One suggestion was to use O_DIRECT when opening the file, because that
does cause reads to go directly to the hardware. The problem with this is
that since the direct-I/O routines send file data directly to user
buffers, they must check that the buffer addresses are valid and belong to
the user's address space. But my code runs in a kernel thread so it has
no current->mm (and in any case I would prefer to use my kernel-space
buffers rather than user-space memory). It might be possible to get hold
of an mm_struct, but it's not necessarily easy as mm_alloc() isn't
EXPORTed. Perhaps my thread could keep its original current->mm by
incrementing current->mm->users before calling daemonize() and setting
current->mm back to its original value afterward. Is that legal? Having
done so, perhaps I could use some sort of mmap() call to allocate a
user-space buffer that would be okay for direct-I/O. What's the best way
to do that -- what function would I have to call?
However, all that seems rather roundabout. An equally acceptable solution
would be simply to invalidate all the entries in the page cache referring
to my file, so that reads would be forced to go to the drive. Can anyone
tell me how to do that?
TIA,
Alan Stern
--
To unsubscribe, send a message with 'unsubscribe linux-mm' in
the body to majordomo@kvack.org. For more info on Linux MM,
see: http://www.linux-mm.org/ .
Don't email: <a href=mailto:"aart@kvack.org"> aart@kvack.org </a>
^ permalink raw reply [flat|nested] 10+ messages in thread
* Re: How best to bypass the page cache from within a kernel module?
2003-09-17 18:24 How best to bypass the page cache from within a kernel module? Alan Stern
@ 2003-09-17 19:44 ` Dave Hansen
2003-09-17 19:50 ` William Lee Irwin III
2003-09-22 18:51 ` Ray Bryant
1 sibling, 1 reply; 10+ messages in thread
From: Dave Hansen @ 2003-09-17 19:44 UTC (permalink / raw)
To: Alan Stern; +Cc: linux-mm
On Wed, 2003-09-17 at 11:24, Alan Stern wrote:
> However, all that seems rather roundabout. An equally acceptable solution
> would be simply to invalidate all the entries in the page cache referring
> to my file, so that reads would be forced to go to the drive. Can anyone
> tell me how to do that?
Whatever you're trying to do, you probably shouldn't be doing it in the
kernel to begin with. Do it from userspace, it will save you a lot of
pain.
--
Dave Hansen
haveblue@us.ibm.com
--
To unsubscribe, send a message with 'unsubscribe linux-mm' in
the body to majordomo@kvack.org. For more info on Linux MM,
see: http://www.linux-mm.org/ .
Don't email: <a href=mailto:"aart@kvack.org"> aart@kvack.org </a>
^ permalink raw reply [flat|nested] 10+ messages in thread
* Re: How best to bypass the page cache from within a kernel module?
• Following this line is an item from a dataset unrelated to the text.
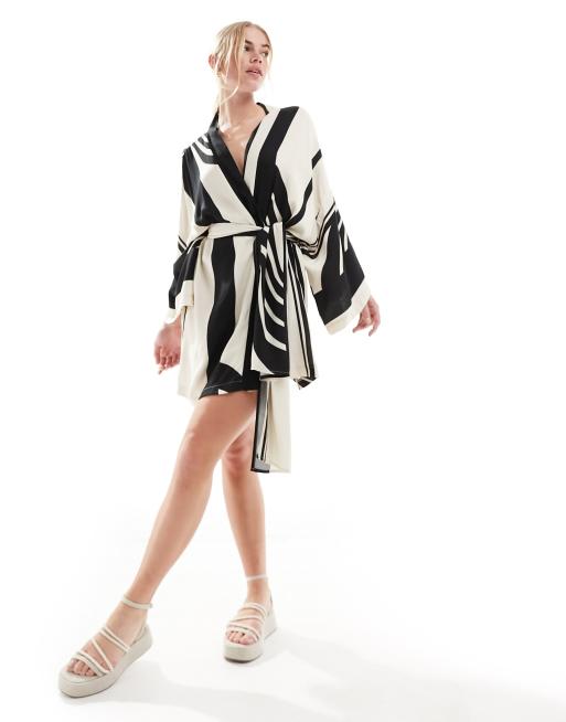 SNDYS – Sukienka z szerokimi rękawami i paskiem w czarno-białe paski

2003-09-17 19:44 ` Dave Hansen
@ 2003-09-17 19:50 ` William Lee Irwin III
2003-09-17 20:33 ` Alan Stern
0 siblings, 1 reply; 10+ messages in thread
From: William Lee Irwin III @ 2003-09-17 19:50 UTC (permalink / raw)
To: Dave Hansen; +Cc: Alan Stern, linux-mm
On Wed, 2003-09-17 at 11:24, Alan Stern wrote:
>> However, all that seems rather roundabout. An equally acceptable solution
>> would be simply to invalidate all the entries in the page cache referring
>> to my file, so that reads would be forced to go to the drive. Can anyone
>> tell me how to do that?
On Wed, Sep 17, 2003 at 12:44:29PM -0700, Dave Hansen wrote:
> Whatever you're trying to do, you probably shouldn't be doing it in the
> kernel to begin with. Do it from userspace, it will save you a lot of
> pain.
If you really want to bypass the pagecache etc. entirely, use raw io and
don't even bother mounting the filesystem, and do it all from userspace.
If you need it simultaneously mounted then you're in somewhat deeper
trouble, though you can probably be rescued by nefarious means like that
bit about shooting down the pagecache so you don't have some incoherent
cache headache.
-- wli
--
To unsubscribe, send a message with 'unsubscribe linux-mm' in
the body to majordomo@kvack.org. For more info on Linux MM,
see: http://www.linux-mm.org/ .
Don't email: <a href=mailto:"aart@kvack.org"> aart@kvack.org </a>
^ permalink raw reply [flat|nested] 10+ messages in thread
* Re: How best to bypass the page cache from within a kernel module?
2003-09-17 19:50 ` William Lee Irwin III
@ 2003-09-17 20:33 ` Alan Stern
2003-09-17 20:40 ` William Lee Irwin III
0 siblings, 1 reply; 10+ messages in thread
From: Alan Stern @ 2003-09-17 20:33 UTC (permalink / raw)
To: William Lee Irwin III; +Cc: Dave Hansen, linux-mm
> On Wed, 2003-09-17 at 11:24, Alan Stern wrote:
> > However, all that seems rather roundabout. An equally acceptable solution
> > would be simply to invalidate all the entries in the page cache referring
> > to my file, so that reads would be forced to go to the drive. Can anyone
> > tell me how to do that?
On Wed, Sep 17, 2003 at 12:44:29PM -0700, Dave Hansen wrote:
> Whatever you're trying to do, you probably shouldn't be doing it in the
> kernel to begin with. Do it from userspace, it will save you a lot of
> pain.
That's not particularly helpful, especially considering that the entire
driver currently works just fine as a kernel module, with the exception of
this one piece. (This one piece works too; it just doesn't do exactly
what I want.)
On Wed, 17 Sep 2003, William Lee Irwin III wrote:
> If you really want to bypass the pagecache etc. entirely, use raw io and
> don't even bother mounting the filesystem, and do it all from userspace.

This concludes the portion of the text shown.